Cuando nací, “El Chiquitín” ya era de la familia. El perro de mi abuela. Una institución: cuzquito guardián, barullero, cariñoso y jefe de la pandilla. Si en casa de mi tío se carneaba, él lo sabía. Reunía a los perros del vecindario y se los llevaba a aprovechar las sobras, como un pequeño general de cuatro patas.
Mi abuela —madre de mi madre—un día cayó fulminada por un aneurisma. "Derrame cerebral", dijo el médico de la familia y sugirió no trasladarla: no había nada que hacer. "Mejor que muera en su casa", susurró, y todos acordaron. Se la acostó en su cama ancha, y comenzó la espera. El Chiquitín, inquieto, se metió debajo y ya no hubo forma de sacarlo. Él, que era un peluche viviente con nosotros, gruñía como una fiera si alguien intentaba moverlo. No comía, no salía, no se apartaba.
Al día siguiente, empezó a aullar. Mi madre, con la certeza de las mujeres sabias, dijo: “Él sabe”. Y así fue. Mi abuela murió al rato rodeada de sus amores, mientras El Chiquitín lloraba bajo su sombra.

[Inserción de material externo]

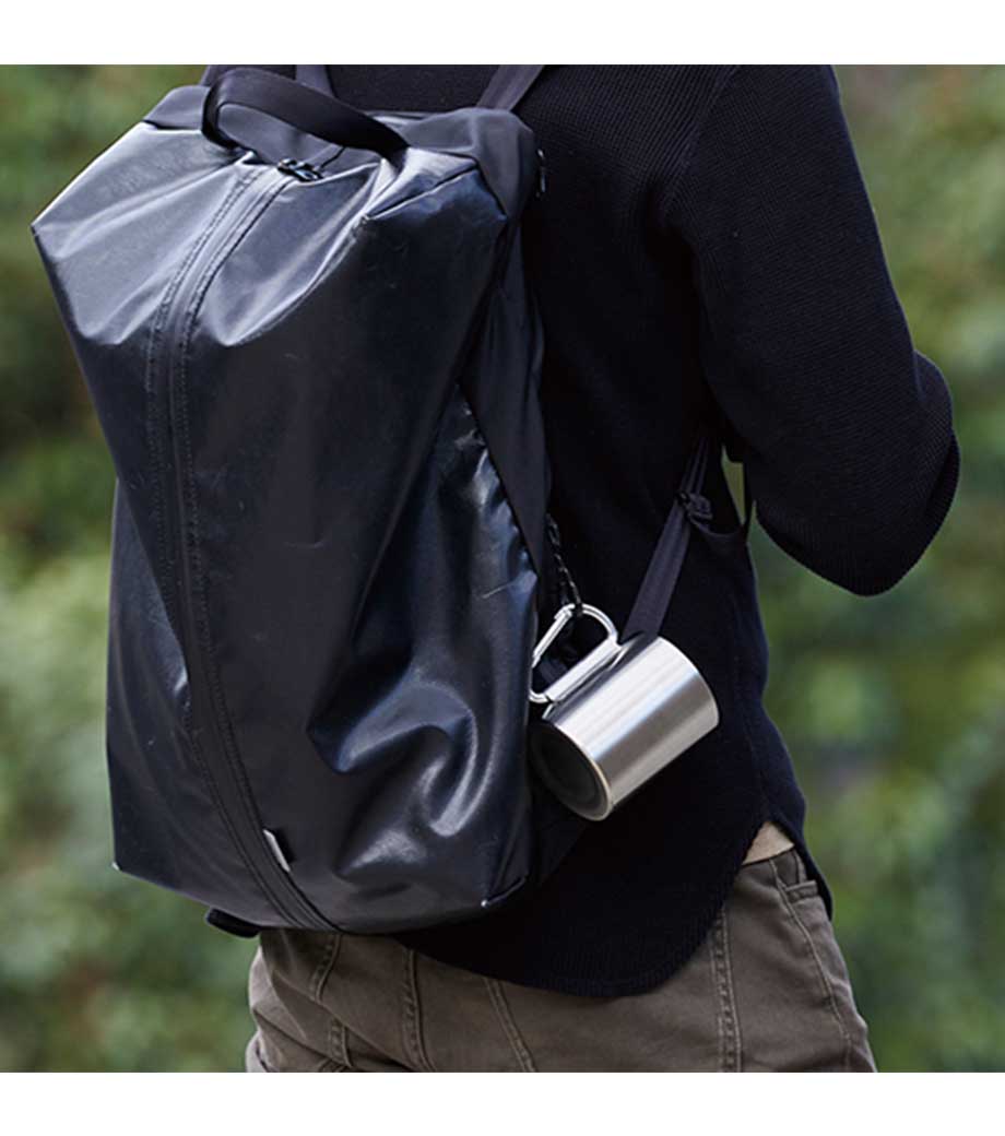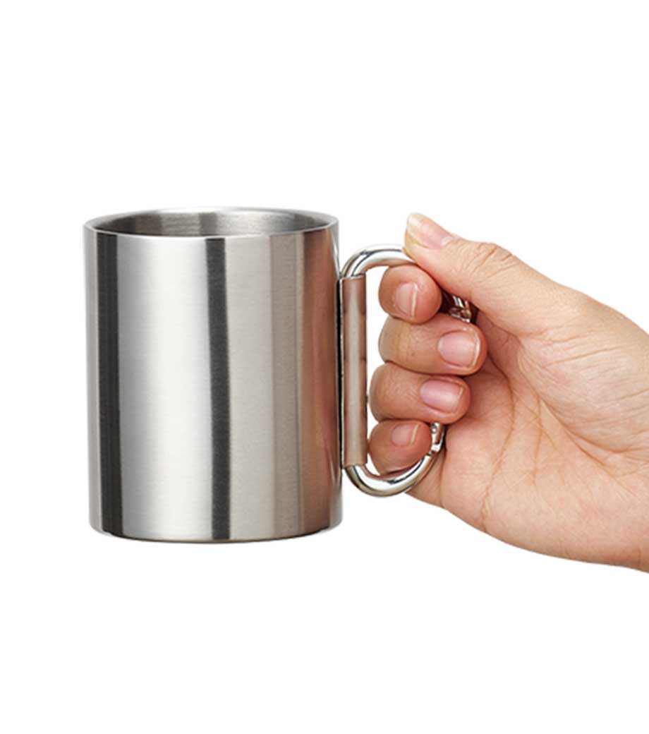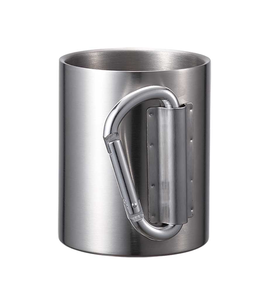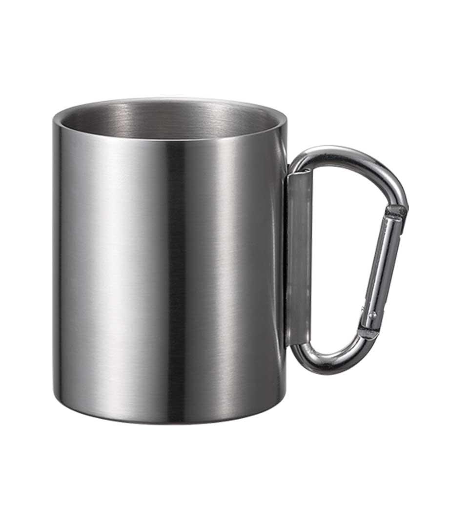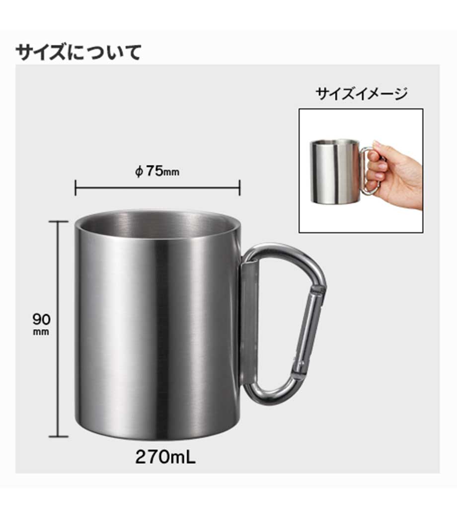 折りたたみカラビナハンドルステンレスマグは、持ち手が折りたためるカラビナになっているステンレス製マグカップ。リュックに引っ掛ければ登山やキャンプの持ち運びに便利です。結露しにくい2重構造(真空タイプではありません)で内側は錆にも強い18-8ステンレス製。使いやすい270mlの手頃なサイズ感も魅力です。収納時もハンドルが邪魔にならず、屋外での使用に最適なステンレスマグカップです。

Ni cuando llegaron los de la funeraria quiso moverse. “Déjenlo”, dijeron los hombres, y la familia salió del cuarto. Cuando volvieron a entrar, el cuerpo ya estaba en el cajón, y El Chiquitín salió solo. Comió, bebió, hizo sus cosas, y se acurrucó en su cucha. Pero cuando la habitación del velorio quedó armada, él regresó, esta vez debajo del ataúd. Y de allí no se movió hasta que mis tíos y mi padre trasladaron el féretro al coche fúnebre.

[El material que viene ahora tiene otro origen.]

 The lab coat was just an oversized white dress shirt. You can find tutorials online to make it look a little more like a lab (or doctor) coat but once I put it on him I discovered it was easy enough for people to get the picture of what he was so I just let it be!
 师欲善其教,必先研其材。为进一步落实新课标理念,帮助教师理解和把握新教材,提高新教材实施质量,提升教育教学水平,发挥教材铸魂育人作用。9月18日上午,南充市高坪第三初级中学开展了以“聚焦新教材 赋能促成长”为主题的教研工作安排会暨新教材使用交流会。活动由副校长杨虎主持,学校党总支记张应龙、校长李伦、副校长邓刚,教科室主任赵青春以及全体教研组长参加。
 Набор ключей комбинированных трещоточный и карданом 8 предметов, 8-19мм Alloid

El cortejo comenzó a avanzar y El Chiquitín lo siguió trotando al lado. El cementerio quedaba lejos de la casa. Yo, con mis trece años y mi pena a cuestas, lo vi correr como si su deber fuera escoltarla hasta el final. El cortejo hizo varias paradas, pero cuando alguien intentaba subirlo a algún auto se alejaba, esquivo, para luego volver al trote, atado a su misión.

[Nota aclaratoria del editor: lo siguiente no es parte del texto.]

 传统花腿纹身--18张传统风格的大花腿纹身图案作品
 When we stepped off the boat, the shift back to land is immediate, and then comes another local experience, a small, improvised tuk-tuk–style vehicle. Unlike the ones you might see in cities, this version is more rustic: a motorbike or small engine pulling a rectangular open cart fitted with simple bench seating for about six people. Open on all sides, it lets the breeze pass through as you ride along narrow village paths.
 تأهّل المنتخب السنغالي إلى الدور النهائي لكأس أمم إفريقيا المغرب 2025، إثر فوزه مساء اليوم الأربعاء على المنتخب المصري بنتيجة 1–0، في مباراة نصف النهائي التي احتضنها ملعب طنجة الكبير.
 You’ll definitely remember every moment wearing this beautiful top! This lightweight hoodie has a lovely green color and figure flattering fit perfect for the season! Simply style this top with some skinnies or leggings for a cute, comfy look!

Se mantuvo al lado de la tumba mientras el ataúd descendía hacia la tierra definitiva. Aulló un par de veces acrecentando las lágrimas de la familia y una vez terminado todo, sin resistencia, subió al coche, y regresó acurrucado entre mi hermana y yo.
Entró a la casona y fue directo a su cucha. Nunca más entró al cuarto de la abuela. Y murió tres meses después.